The DPC exercised the following corrective powers (pursuant to Section 115 of the Data Protection Act 2018 and Article 58(2) GDPR) with regard to the infringements:
- ordered TikTok to bring its processing into compliance with the GDPR within a period of three months from the date on which TikTok was notified of the DPC’s decision;
- issued a reprimand regarding the identified infringements of the GDPR; and
- imposed three administrative fines totalling €345 million, including:
- €100 million for finding 1, regarding infringements of data minimisation principle in Article 5(1)(c), and the data protection by design and by default obligations in Articles 25(1) and 25(2);
- €65 million for finding 3, regarding infringements of the security principle in Article 5(1)(f), and the data protection by design and by default obligation in Article 25(1) GDPR; and
- €180 million for finding 5, regarding infringements of the transparency obligations in Articles 12(1) and 13(1)(e) GDPR.
In imposing the administrative fines, the DPC noted that TikTok had implemented changes following the Relevant Period. However, it commented that it is "not always possible to retrospectively correct a past lack of control, as personal data has already been published and data subjects may already have suffered consequential damage as a result".
That said, the DPC acknowledged that TikTok's actions may have decreased the likelihood of further additional risk of damage to data subjects following GDPR infringements. As a result, the DPC formed the view that such actions provided limited mitigation of the damage to data subjects. The DPC therefore considered the actions to be of "mitigating value".
Impact of DPC Decision
Although this decision was directed at TikTok, it has implications for any EU/EEA organisation that processes children's personal data.
The key takeaway from the decision is that organisations must review their technical and organisational measures to ensure that they adopt a privacy by design and by default approach to processing personal data.

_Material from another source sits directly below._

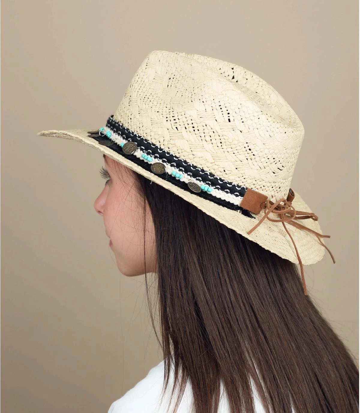 LâĂ©tĂ© sera hippie chic, avec ce ravissant chapeau de paille Ă bord lĂ©gĂšrement relevĂ© que nous propose la marque spĂ©cialisĂ©e M by FlĂ©chet. ConfectionnĂ© en Italie, il est complĂ©tĂ© dâun original ruban nouĂ© dans le dos dĂ©corĂ© de perles.

Where organisations process children's personal data, they must take account of the specific risks posed to children. This is particularly so where such risks include the possibility that bad actors could directly communicate with children as a result of the organisation's technical designs and default settings. These risks must be clearly identified in a data protection impact assessment, and where an organisation could process personal data of children under the age of 13, this must be addressed as a specific risk.
In addition, privacy notices must clearly identify the categories of recipients of data subjects' personal data. Vague and broad language such as "may" and "third parties" are unclear and fail to communicate the actual recipients of personal data, in a plain and transparent manner. The DPC expects privacy notices to include clear and definitive terms to identify recipients, or categories of recipients.
Finally, organisations must ensure that they do not use dark patterns to subconsciously encourage or "nudge" users to choose more privacy-intrusive settings to the detriment of their privacy interests. Data subjects should be encouraged to make decisions that promote the protection of their personal data.